To a large degree, NADC and MADC can be chosen independently in the range of 1 to 128. In general, NADC must be as large as possible as long as the following condition can still be met:
RC is a function of the chosen processing block and is listed in the Resource Class column of Table 5.
The common-mode voltage setting of the device is determined by the available analog power supply.
At this point, the following device-specific parameters are known: PRB_Rx, AOSR, NADC, MADC, input and output common-mode values.
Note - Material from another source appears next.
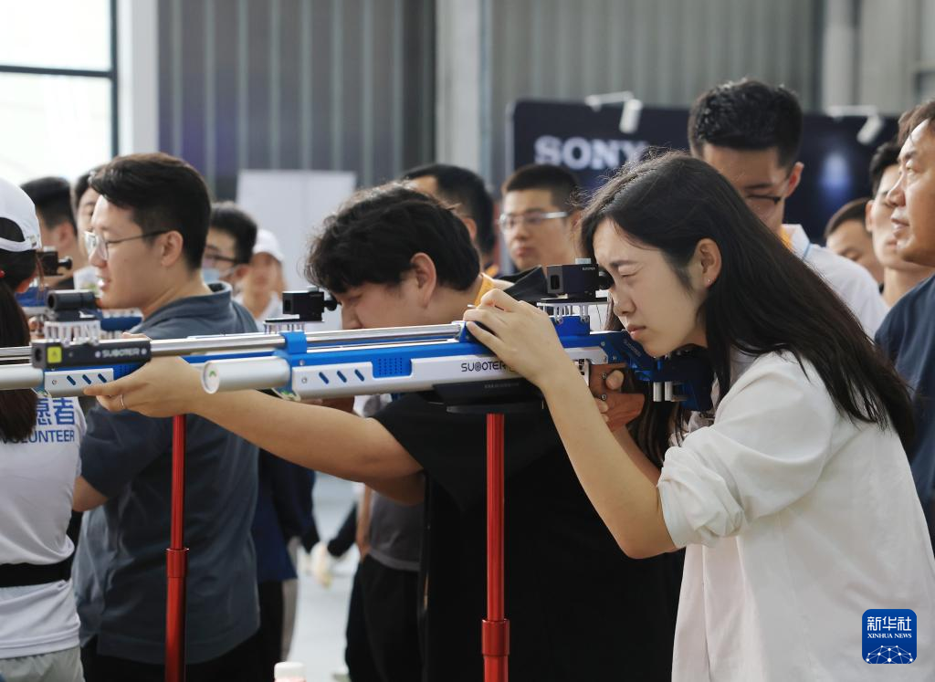 9月11日,参观者在体育服务专题展区体验激光射击。新华社记者 张晨霖 摄

If the PLL is used, the PLL parameters P, J, D and R are determined as well.
Setting up the device via register programming:
The following list gives a sequence of items that must be executed in the time between powering the device up and reading data from the device:
A typical EVM I2C register control script follows to show how to set up the TLV320ADC3001 in record mode with fS = 44.1 kHz and MCLK = 11.2896 MHz.
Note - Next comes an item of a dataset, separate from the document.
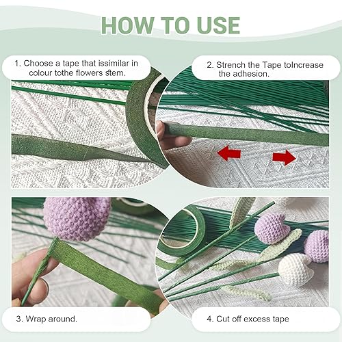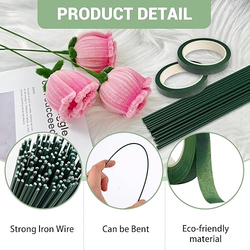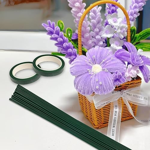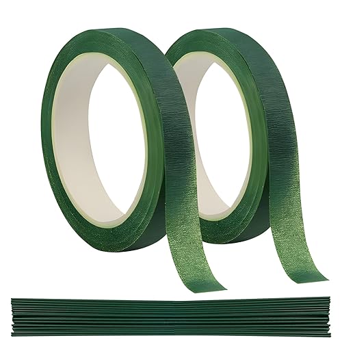 Hawdows 20Pcs Tiges Fleurs Artificielles, Lot de 2 Ruban de Fleuriste, Ruban Adhésif Floral Vert, Accessoires pour Cure-pipes, Accessoires pour Pipe Chenille, pour Enveloppement de Bouquets

# Key: w 30 XX YY ==> write to I2C address 0x30, to register 0xXX, data 0xYY
# # ==> comment delimiter
#
# The following list gives an example sequence of items that must be executed in the time
# between powering the device up and reading data from the device. Note that there are
# other valid sequences depending on which features are used.
#
# ADC3101EVM Key Jumper Settings and Audio Connections:
# 1. Remove Jumpers W12 and W13
# 2. Insert Jumpers W4 and W5
# 3. Insert a 3.5mm stereo audio plug into J9 for
# single-ended input IN1L(P) - left channel and
# single-ended input IN1R(M) - right channel
################################################################
# 1. Define starting point:
# (a) Power up appicable external hardware power supplies
# (b) Set register page to 0
#
w 30 00 00
# (c) Initiate SW Reset
#
w 30 01 01
#
# 2. Program Clock Settings
# (a) Program PLL clock dividers P,J,D,R (if PLL is necessary)
#
# In EVM, the ADC3001 receives: MCLK = 11.2896 MHz,
# BCLK = 2.8224 MHz, WCLK = 44.1 kHz
#
# Sinve the sample rate is a multiple of the input MCLK then
# no PLL is needed thereby saving power. Use Default (Reset) Settings:
# ADC_CLKIN = MCLK, P=1, R=1, J=4, D=0000
w 30 04 00
w 30 05 11
w 30 06 04
w 30 07 00
w 30 08 00
#
# (b) Power up PLL (if PLL is necessary) - Not Used in this Example
w 30 05 11
# (c) Program and power up NADC
#
# NADC = 1, divider powered on
w 30 12 81
#
# (d) Program and power up MADC
#
# MADC = 2, divider powered on
w 30 13 82
#
# (e) Program OSR value
#
# AOSR = 128 (default)
w 30 14 80
#
# (f) Program I2S word length as required (16, 20, 24, 32 bits)
#
# mode is i2s, wordlength is 16, slave mode (default)
w 30 1B 00
#
# (g) Program the processing block to be used
#
# PRB_P1
w 30 3d 01
#
# 3. Program Analog Blocks
# (a) Set register Page to 1
#
w 30 00 01
#
# (b) Program MICBIAS if appicable
#
# Not used (default)
w 30 33 00
#
# (c) Program MicPGA
#
# Left Analog PGA Seeting = 0dB
w 30 3b 00
#
# Right Analog PGA Seeting = 0dB
w 30 3c 00
#
# (d) Routing of inputs/common mode to ADC input
# (e) Unmute analog PGAs and set analog gain
#
# Left ADC Input selection for Left PGA = IN1L(P) as Single-Ended
w 30 34 fc
#
# Right ADC Input selection for Right PGA = IN1R(M) as Single-Ended
w 30 37 fc
#
# 4. Program ADC
#
# (a) Set register Page to 0
#
w 30 00 00
#
# (b) Power up ADC channel
#
# Power-up Left ADC and Right ADC
w 30 51 c2
#
# (c) Unmute digital volume control and set gain = 0 dB
#
# UNMUTE
w 30 52 00
#
TLV320ADC3101 has a built-in bias voltage output for biasing of microphones. No intentional capacitors must be connected directly to the MICBIAS output for filtering.
The TLV320ADC3101 requires adequate power supply decoupling to ensure that the noise and total harmonic distortion (THD) are low. A good ceramic capacitor, typically 0.1 µF, placed as close as possible to the device AVDD, IOVDD and DVDD lead works best. Placing this decoupling capacitor close to the TLV320ADC3101 is important for the performance of the converter. For filtering lower-frequency noise signals, a 1 µF or greater capacitor placed near the device would also help.
Table 17 lists the application curves in the Typical Characteristics section.